Bellamy was lured back to Broadway for the memorable role of President Franklin D. Roosevelt in Sunrise at Campobello (1958). Bellamy researched the life of a paralyzed person by visiting hospitals, working with physiotherapists, and consulting Eleanor Roosevelt and her children. His brilliant performance won him a Tony and the Drama Critics Best Actor Award.

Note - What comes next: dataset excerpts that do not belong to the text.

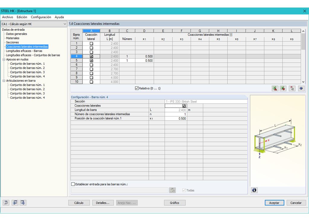 El módulo adicional RF-/STEEL HK requiere el cálculo de barras y conjuntos de barras, así como casos de carga, combinaciones de carga y combinaciones de resultados. En las siguientes ventanas, es posible ajustar los parámetros para las coacciones laterales intermedias y las longitudes eficaces.
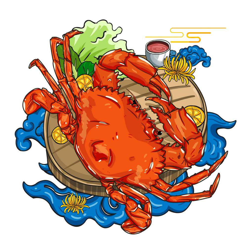 手绘国潮菜肴中国风大闸蟹螃蟹元素
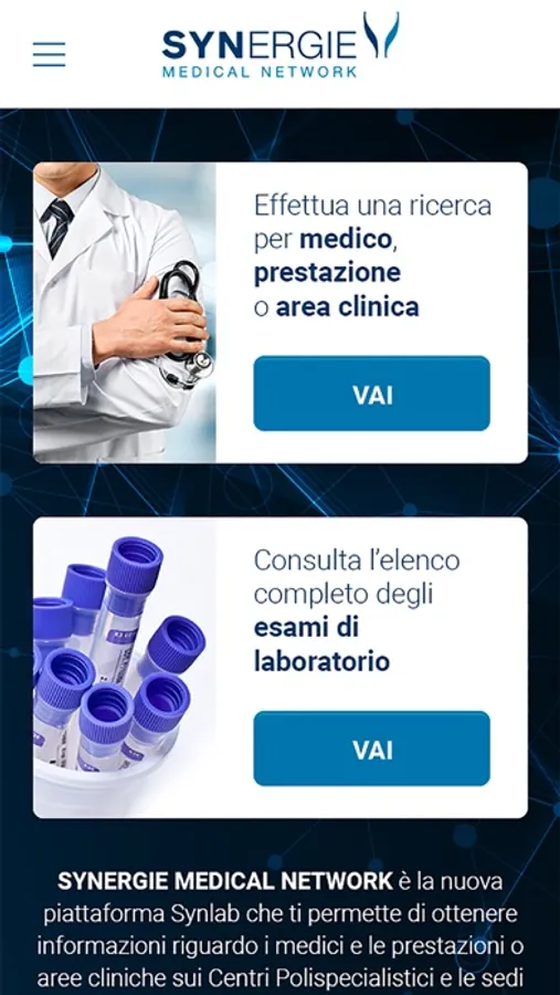 SYNERGIE MEDICAL NETWORK è l’esclusiva piattaforma al servizio dei Medici Synlab, che consente di accedere a tutte le informazioni relative alla squadra, alle prestazioni erogate presso le varie sedi e alle ultime novità scientifiche e formative del gruppo
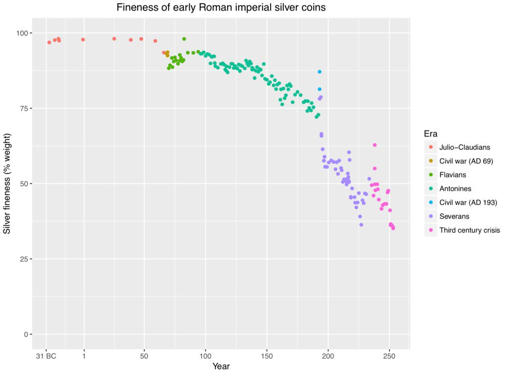 The authors also do not seem to be aware that the collapse in Roman silver production predates the rise of the House of Sassan, as they claim (p.85) that increased military expenditure meant there was not enough silver for the needed coins, leading to their debasement. Indeed, the collapse in Roman silver production helps explain the rise of the Sassanids.
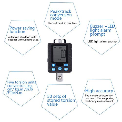 Funzione: l'adattatore di coppia ha una funzione di risparmio energetico. Si spegnerà automaticamente dopo 80 secondi senza usarlo. Il buzzer e la luce LED ti avviseranno. L'accuratezza della misurazione è dell'1%. Supporta misurazioni di terze parti.
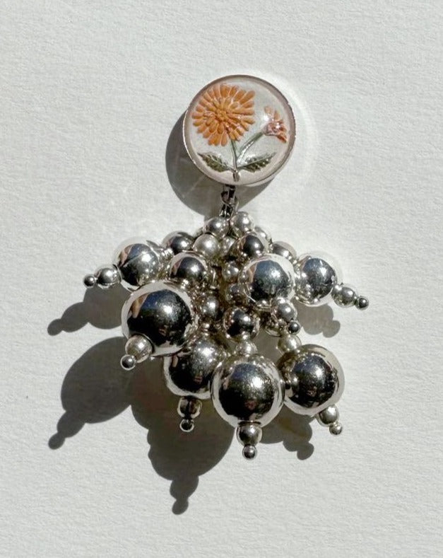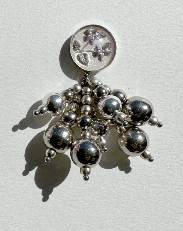 Like a field of wildflowers, the Bouquet 2, consists of six different Vintage flower cabochons with a mix of rhodium beads on stainless steel clip-ons. Choose the flowers that move you. Handmade by Karo at her home studio in Los Angeles.

Returning to Hollywood to do the film version in 1960, Bellamy was once again in demand as a character actor. Roman Polanski cast him as a demonic doctor in the cult film Rosemary’s Baby (1968). In 1983 he was once again called upon to play Roosevelt in the Herman Wouk television miniseries The Winds of War. That same year he and another veteran actor, Don Ameche, were cast in support of the rising young comedian Eddie Murphy in Trading Places. Ultimately, Bellamy made more than 100 films. In 1987 the quality of his work was officially recognized by the Motion Picture Academy, which awarded him an honorary Oscar for lifetime achievement.
His final film was in support of two popular Hollywood stars, Richard Gere and Julia Roberts, in Garry Marshall’s box office hit Pretty Woman. This took place in 1990, one year before his death. Ralph Bellamy died on 29 November 1991 of a respiratory infection. He is buried at Forest Lawn Cemetery in Los Angeles.
The acting community also remembers Bellamy for his fight on behalf of labor. He was one of the founders of the Screen Actors Guild and served as president of Actor’s Equity for four three-year terms (1952-1964). He led the union in its struggle against the vicious blacklisting of actors by Senator Joseph McCarthy and the House Un-American Activities Committee. His fellow actors rewarded his stewardship by naming him president emeritus for life.
Bellamy’s personal life was as varied as his professional career. His first three marriages, to Alice Delbridge from 1922 to 1931, to Catherine Willard from 6 July 1931 to 6 August 1945, and to Ethel Smith from 1945 to 1947, all ended in divorce. His fourth wife, Alice Murphy, whom he married in 1949, survived him. He had two children with his second wife, Catherine.
Bellamy’s long and distinguished career established him as an actor of amazing skill in comedy, drama, and melodrama. He won immortality in the role of President Franklin D. Roosevelt on stage, screen, and television and will be remembered fondly by his fellow actors and many generations of fans.
Bellamy’s autobiography, When the Smoke Hit the Fan (1979), is purely anecdotal and fails to mention any of his first three wives or his children. His early Hollywood years are carefully recalled in a chapter in James Robert Parish and William T. Leonard, Hollywood Players, the Thirties (1976). Obituaries are in the New York Times and Los Angeles Times (both 30 Nov. 1991), London Times and Daily Variety (both 2 Dec. 1991), and People (12 Dec. 1991).